1.3.d. Özürlüler için Türkiye ve dünyada yapılan çalışmalar


Özürlü birey için, onurlu yaşam biçiminin gereğini, sosyal güvence türlerini, istihdam sorunlarını, devletin, bu konudaki çalışmalarını halka duyurma zorunluluğu vardır. Özürlüler konusunda ülkemizde yapılan araştırma ve çalışmaları kamu oyuna yansıtmalıdır. Örneğin bu araştırma ve çalışmalardan birkaçı şöyledir:

Öğretilebilir Çocukları Koruma Derneği kurulmuştur. 1970 yılında, zihinsel özürlü dört çocukla eğitim çalışmasına başlanmıştır. Zekâ düzeyi 20-50 arasında olan zihinsel özürlü çocukların da öğrenebileceklerini ispat etmek amaç olmuştur. Çünkü, o yıllarda bu düzeyde zihinsel özürlüğün, eğitsel mi, yoksa hekimsel bir olay mı olduğu kamunun gözünde kesinlik kazanmamıştı.

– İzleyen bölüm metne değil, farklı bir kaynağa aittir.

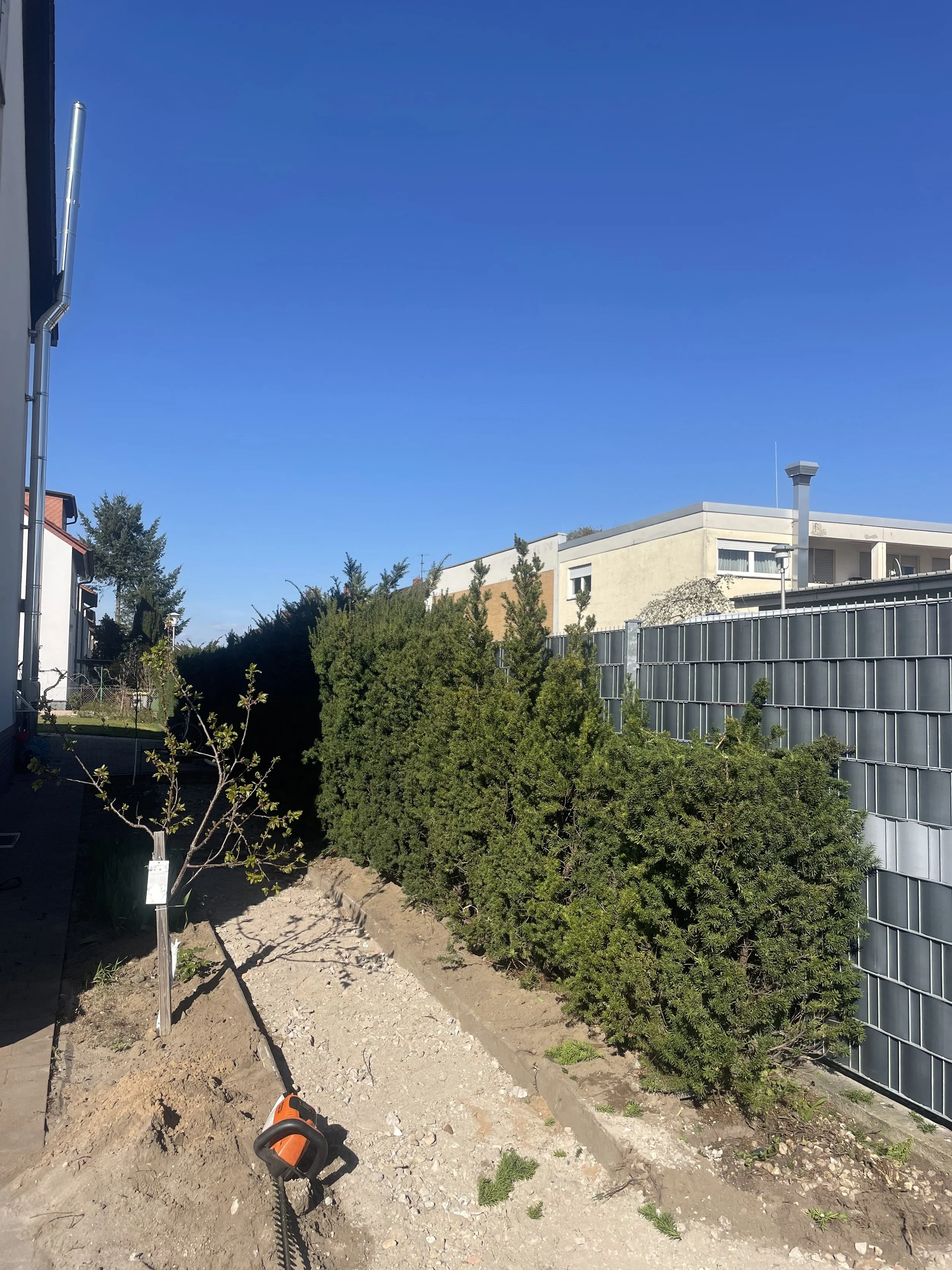 Heckenschnitt in Mannheim – Taxushecke stark zurückgeschnitten: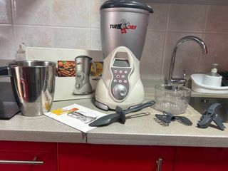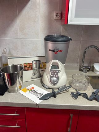 Robot de cocina TurboChef en buen estado, con uso medio. Incluye todos sus accesorios originales para que puedas preparar tus recetas favoritas. - Vaso medidor de acero inoxidable. - Accesorios para mezclar y batir. - Manual de instrucciones.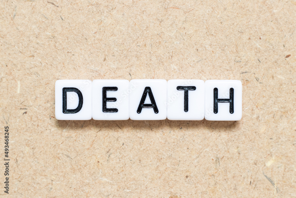 White tile alphabet letter with word death on wood background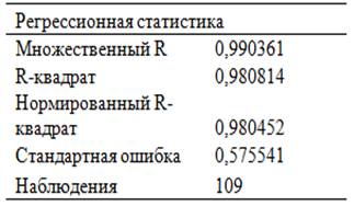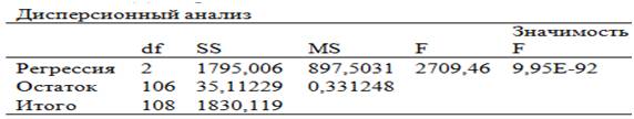 В таблице 3.3 нас интересует Значимость F, которое первоначально Excel дает в экспоненциальном виде. Но с помощью опции ФОРМАТ ЯЧЕЕК мы преобразовали его в числовой вид и убедились, что Значимость F =0,00. Следовательно, в данном случае значимость F меньше 0,01, то есть можно сделать вывод, об 1% статистической значимости полученного нами двухфакторного уравнения регрессии (или 99% уровнем надежности).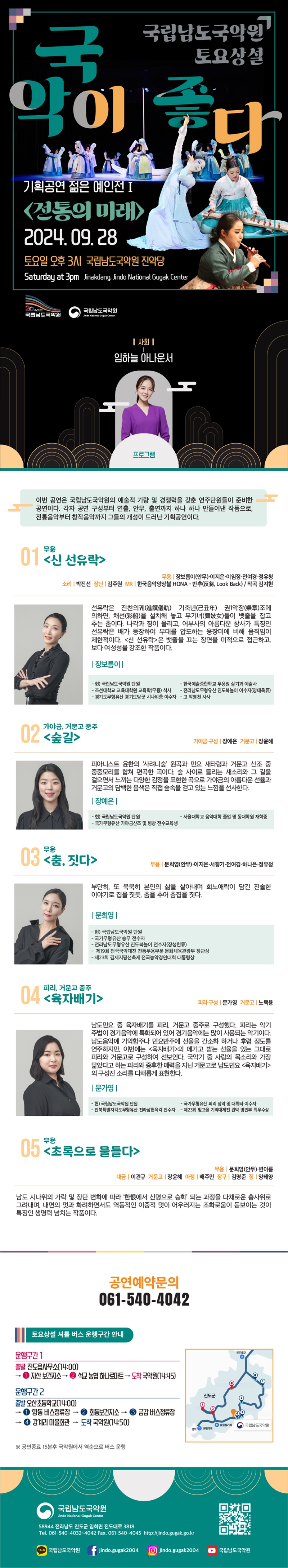 ▶ 국립남도국악원 누리집 바로가기 http://jindo.gugak.go.kr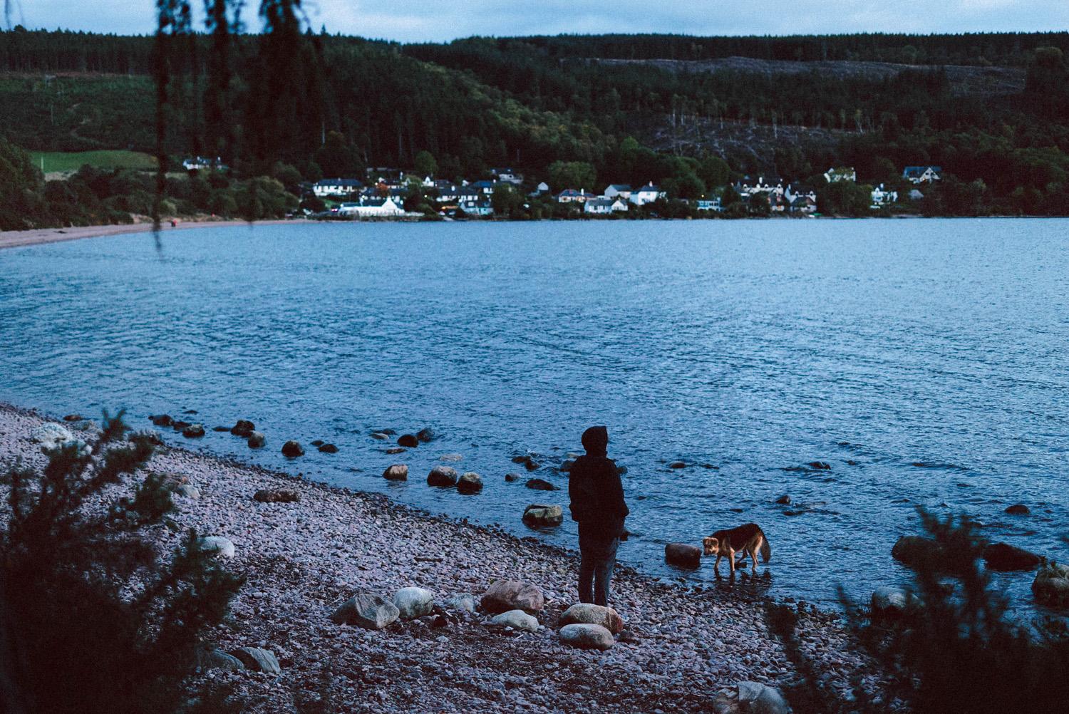 After making our way from the south of England through Wales and the northern Lake District, we first settled in Edinburgh, just as autumn slowly began to sweep across the land. Scotland turned colorful, windy, and cold. After six weeks in the capital, we traveled through the Highlands up to Inverness, where we lived near Loch Ness and turned it into Tia’s daily swimming pool. Naturally, with evening stick-shaped dinosaur necks rising from the water in the last rays of light breaking through the clouds, it was easy to imagine how the myth of Nessie might have been born.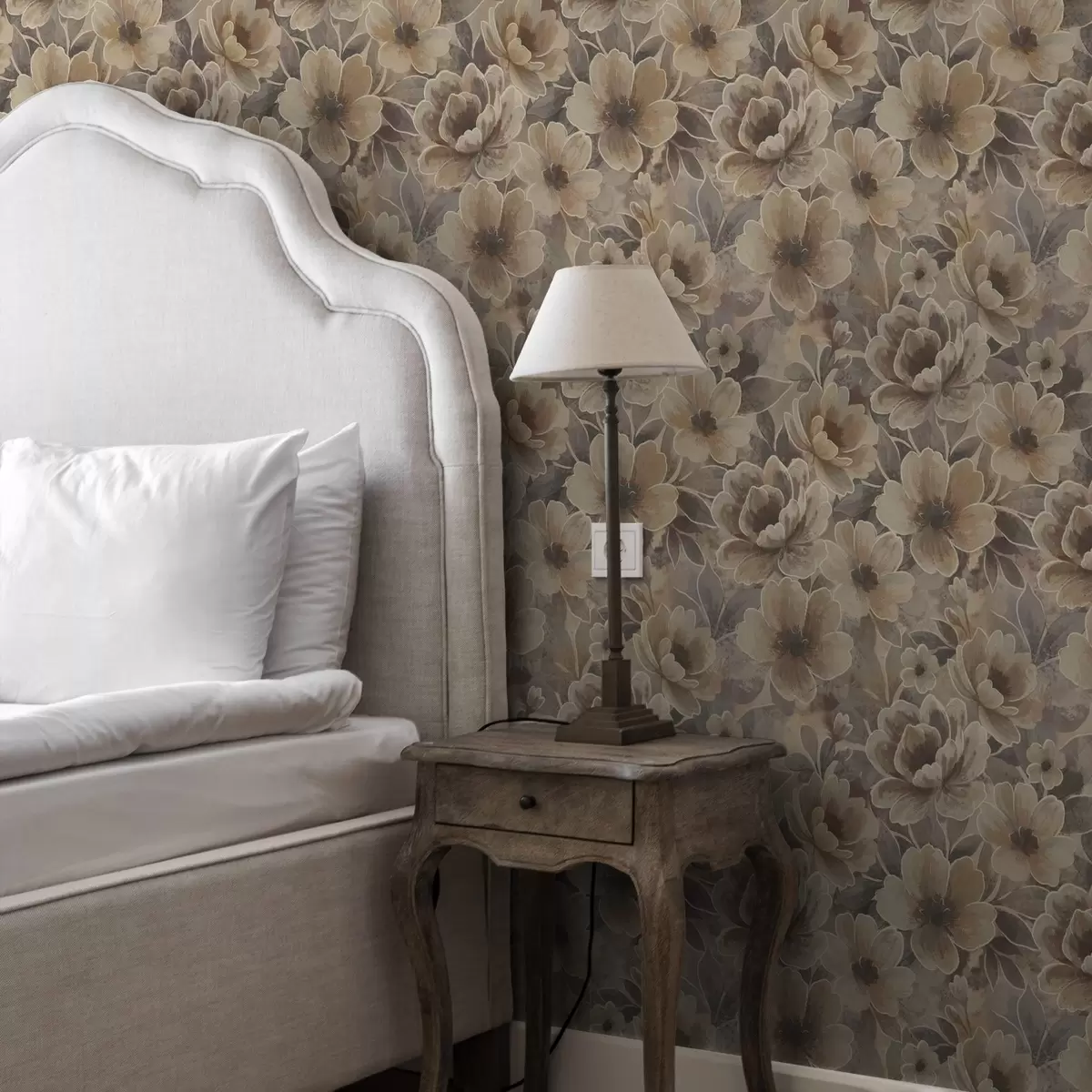 Тапет Живописни бежови цветя на димен абстрактен фон Nr. a00884

1970 yılında dört çocukla başlayan eğitim, dört yıl içinde 46 zihinsel özürlü çocuğun eğitim görmesi biçiminde hızla gelişti ve 1982 yılında derneğin eğitim kapasitesi 96'ya, 1987 de 140 'a yükseldi.

1982 yılında "Zihinsel Yetersiz Çocukları Yetiştirme ve Koruma Vakfı" kuruldu. Federal Almanya Cumhuriyeti Büyükelçiliği'nin katkıları sağlanarak, 1986 'da, Vakfın, Gölbaşı semtinde tasarımlanan İş Rehabilitasyon merkezi inşaatını gerçekleştirme olanağı bulmuştur. 1989 yılında hizmete giren bu merkezde, şimdi 10 yatılı ve 30 zihinsel özürlü genç iş eğitimi görmektedir.

Türkiye'de zihinsel özürlülüğün aile, toplum ve devlet tarafından benimsenmesi olayının gerisinde yılları aşan kahırlı uğraşının izlerini görmekteyiz.

Özürlülük konusunda, ülkemizde dağınık ve yetersiz, çelişkili yasal düzenlemelerin ve insan onuruyla bağdaşmayan yaşamsal koşulların, eğitsel, örgütsel ve hukuksal bütünsellik içinde, değişmesine katkıda bulunmak temel amaç olarak görülmüştür. Bütün bunlar çoğunlukla kişisel çabaların ürünü olmuştur. Çünkü;



  • Her özürlü birey, sosyal devlet koşulunun gereği toplumdan ve devletten yardım görmek hakkına sahip olmalıdır.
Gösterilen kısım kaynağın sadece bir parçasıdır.